## Exercise details
Nothing but the lines from the first line of the records below to the line holding "Fast-forward 128 years" belongs in the answer, copied exactly and without pictures.

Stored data
_____
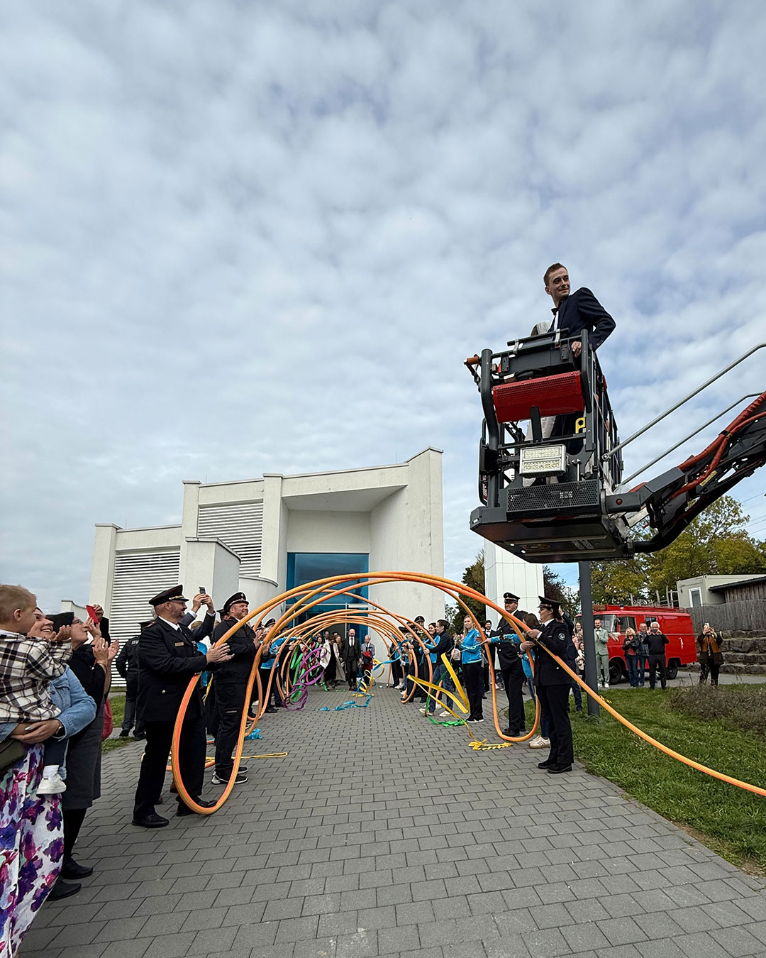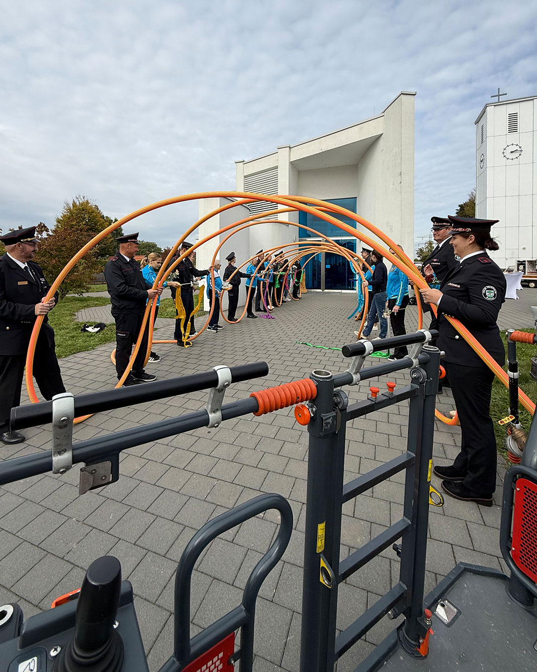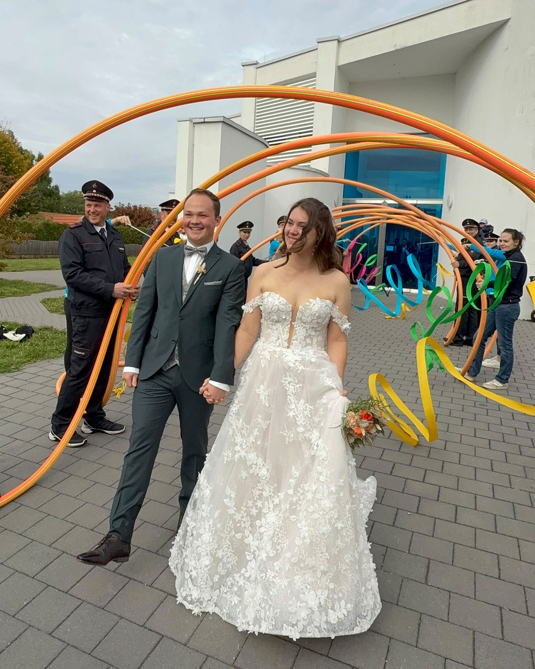 Direkt nach der Trauung und dem Durchschreiten des Spaliers, das wir, die Feuerwehr Mosbach und die Abteilung Rhytmische Sportgymnastik des TV Mosbach, gemeinsam stellten, entführte die Drehleiter die beiden in luftige Höhen. Bevor es zum obligatorischen Gruppenfoto mit dem Brautpaar kam, überreichten Kreisjugendwartin Pamela Hollerbach und Abteilungskommandant Denis Obieglo Präsente an die beiden.
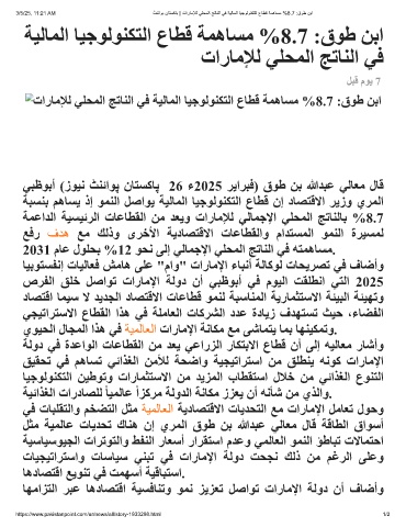 3/5/25, 11:21 AM ٹﻧﺋاوﺑ نﺎﺗﺳﮐﺎﺑ | تارﺎﻣﻺﻟ ﻲﻠﺣﻣﻟا ﺞﺗﺎﻧﻟا ﻲﻓ ﺔﯾﻟﺎﻣﻟا ﺎﯾﺟوﻟوﻧﻛﺗﻟا عﺎطﻗ ﺔﻣھﺎﺳﻣ %8.7 :قوط نﺑا
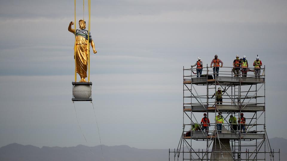 Fast-forward 128 years to May 18, 2020, a day perhaps equal in balminess but not in fanfare. No large crowds were present. A few dozen construction workers removed that same 3,800-pound circular granite capstone, along with its time capsule contents and the angel Moroni statue that has stood on top of it. This was done for preservation and refurbishing during the temple’s seismic upgrade that began in January 2020.
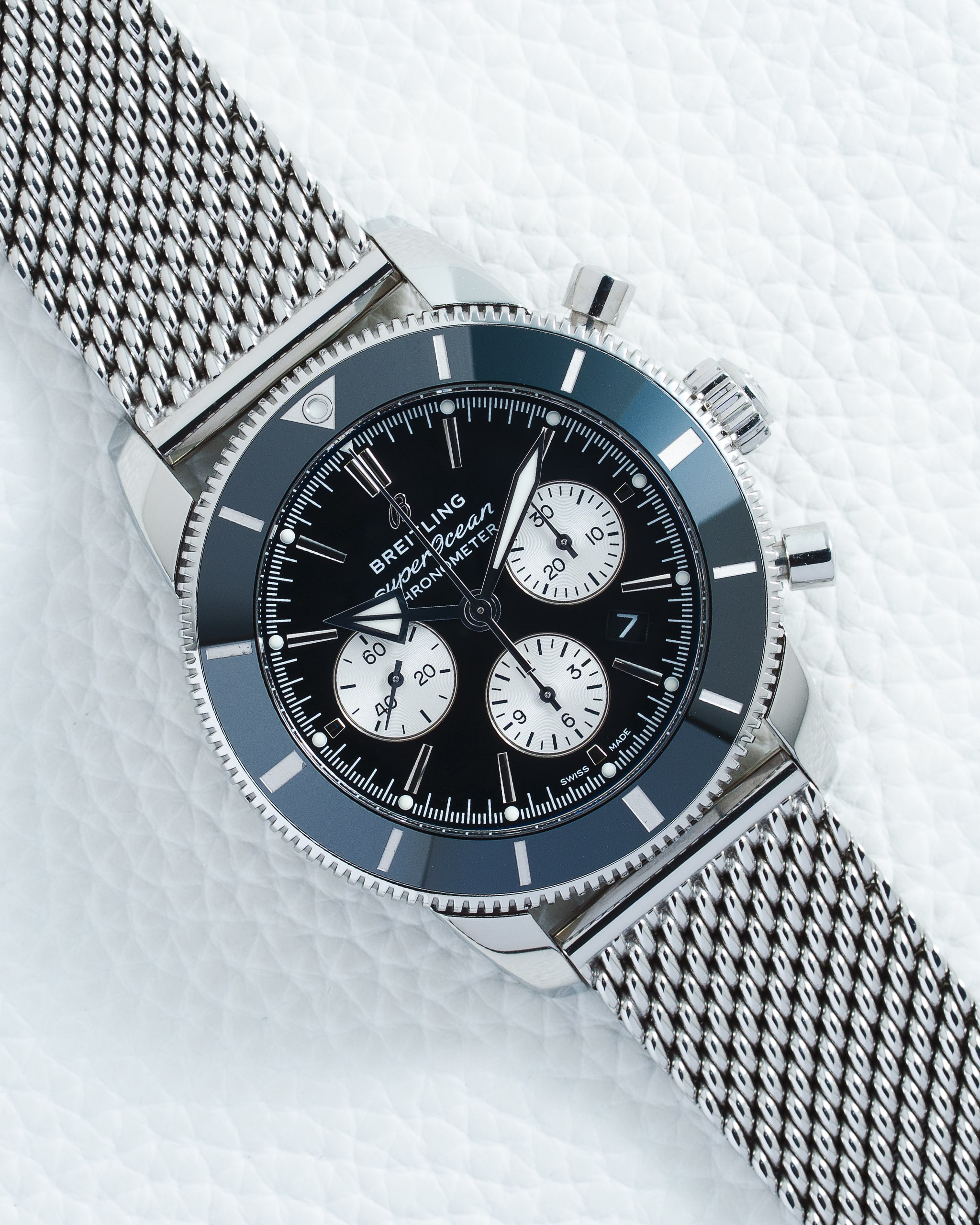 The Breitling Superocean Heritage II Chronograph 44 AB0162121B1A1 is a stunning tribute to the brand’s iconic 1957 diver, masterfully blending vintage-inspired design with cutting-edge chronograph technology and a sporty, modern execution on a rubber strap. This 44mm stainless steel timepiece features a unidirectional rotating bezel crafted from scratch-resistant black ceramic, with raised numerals and hour markers for a sophisticated, dimensional look that ensures exceptional legibility. The black dial is protected by a domed sapphire crystal with glareproof treatment on both sides, creating a warm, vintage feel while offering modern protection, and is enhanced by applied hour markers and broad triangular hands generously filled with luminescent material for optimal readability in any light. At its heart beats the Breitling Manufacture Caliber 01, an in-house automatic chronograph movement renowned for its reliability and performance, offering a robust 70-hour power reserve and COSC chronometer certification for exceptional precision. The chronograph function is elegantly displayed with three snailed sub-dials for a 30-minute, 12-hour, and small seconds counter, while a discreet date window sits at 4:30. The watch is presented on a black rubber strap that perfectly complements the monochromatic design, offering exceptional comfort and durability for an active lifestyle. The strap is secured by a stainless steel folding clasp and features Breitling’s innovative strap interchangeability system, allowing for easy customization without the use of tools. With a water resistance of 20 bar (200 meters / 660 feet) , the Superocean Heritage II Chronograph 44 is as capable in the water as it is elegant on land, making it the perfect synthesis of heritage aesthetics, modern engineering, and sporty versatility for the discerning collector who demands a diver with true character.
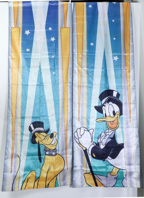 (Disneyland, c. 2015). Two very rare and exquisite park used prop banners made for Disneyland's 60th Diamond Anniversary featuring Donald Duck and Pluto. The banners are in very good condition with normal wear from age and use in the park.
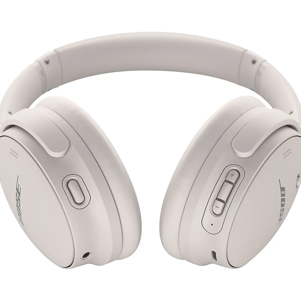 The original noise-canceling headphones are back, with world-class quiet, shockingly light materials, and proprietary technology for deep, clear sound. Bose QuietComfort 45 headphones. It’s an icon reborn. Proprietary Acoustic Noise Canceling technology produces the true quiet you need to hear every detail of your music in high fidelity. Or choose Aware Mode to hear your music and your environment at the same time. TriPort acoustic architecture and Bose innovations like volume-optimized Active EQ add depth and clarity to your music, while maintaining balance at any volume. And materials such as synthetic leather and glass-filled nylon were meticulously selected for comfort and durability. The headphones give you 24 hours of listening time and charge via the included USB Type-C cable. Bluetooth 5.1 maintains a strong connection to your device, and the Bose Music app guides you through setup, lets you personalize settings, and keeps your headphones’ software up-to-date.
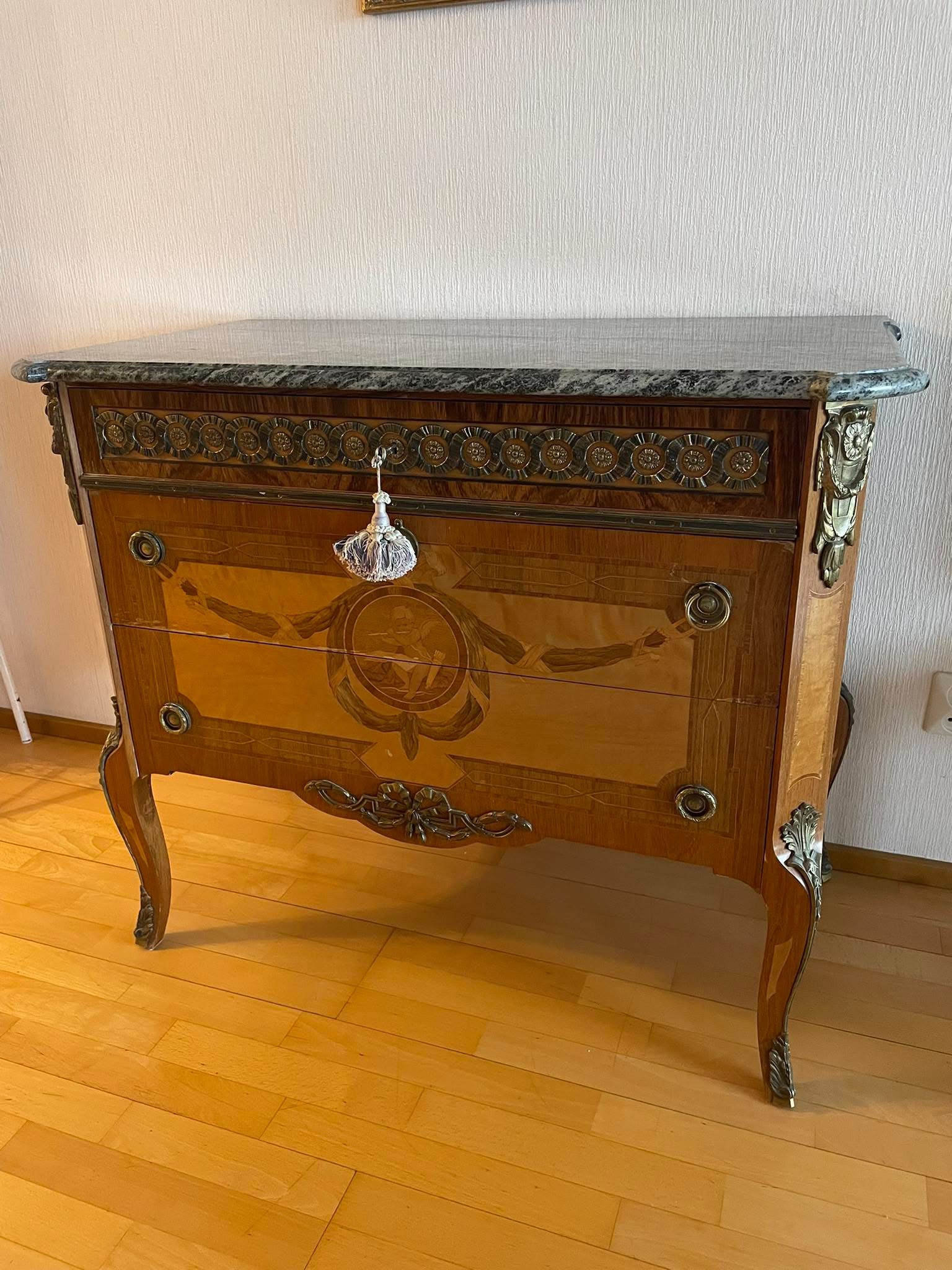 Lipasto kivitasolla, intarsia koristeet ja messinkikoristeet. Yksi vedin erilainen (kuvassa oik. ylä). Leveys 96 cm, syvyys 53 cm, korkeus 82 cm. Kivitaso lähtisi irralleen, painaa paljon.
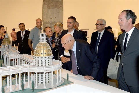 Il Presidente Giorgio Napolitano durante la visita alla 55° Esposizione Internazionale d'Arte dal titolo "Il Palazzo Enciclopedico"
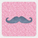 GIRLY BLUE MUSTACHE PINK GLITTER PHOTO SQUARE STICKER
_____
## Worked solution
 Direkt nach der Trauung und dem Durchschreiten des Spaliers, das wir, die Feuerwehr Mosbach und die Abteilung Rhytmische Sportgymnastik des TV Mosbach, gemeinsam stellten, entführte die Drehleiter die beiden in luftige Höhen. Bevor es zum obligatorischen Gruppenfoto mit dem Brautpaar kam, überreichten Kreisjugendwartin Pamela Hollerbach und Abteilungskommandant Denis Obieglo Präsente an die beiden.
 3/5/25, 11:21 AM ٹﻧﺋاوﺑ نﺎﺗﺳﮐﺎﺑ | تارﺎﻣﻺﻟ ﻲﻠﺣﻣﻟا ﺞﺗﺎﻧﻟا ﻲﻓ ﺔﯾﻟﺎﻣﻟا ﺎﯾﺟوﻟوﻧﻛﺗﻟا عﺎطﻗ ﺔﻣھﺎﺳﻣ %8.7 :قوط نﺑا
 Fast-forward 128 years to May 18, 2020, a day perhaps equal in balminess but not in fanfare. No large crowds were present. A few dozen construction workers removed that same 3,800-pound circular granite capstone, along with its time capsule contents and the angel Moroni statue that has stood on top of it. This was done for preservation and refurbishing during the temple’s seismic upgrade that began in January 2020.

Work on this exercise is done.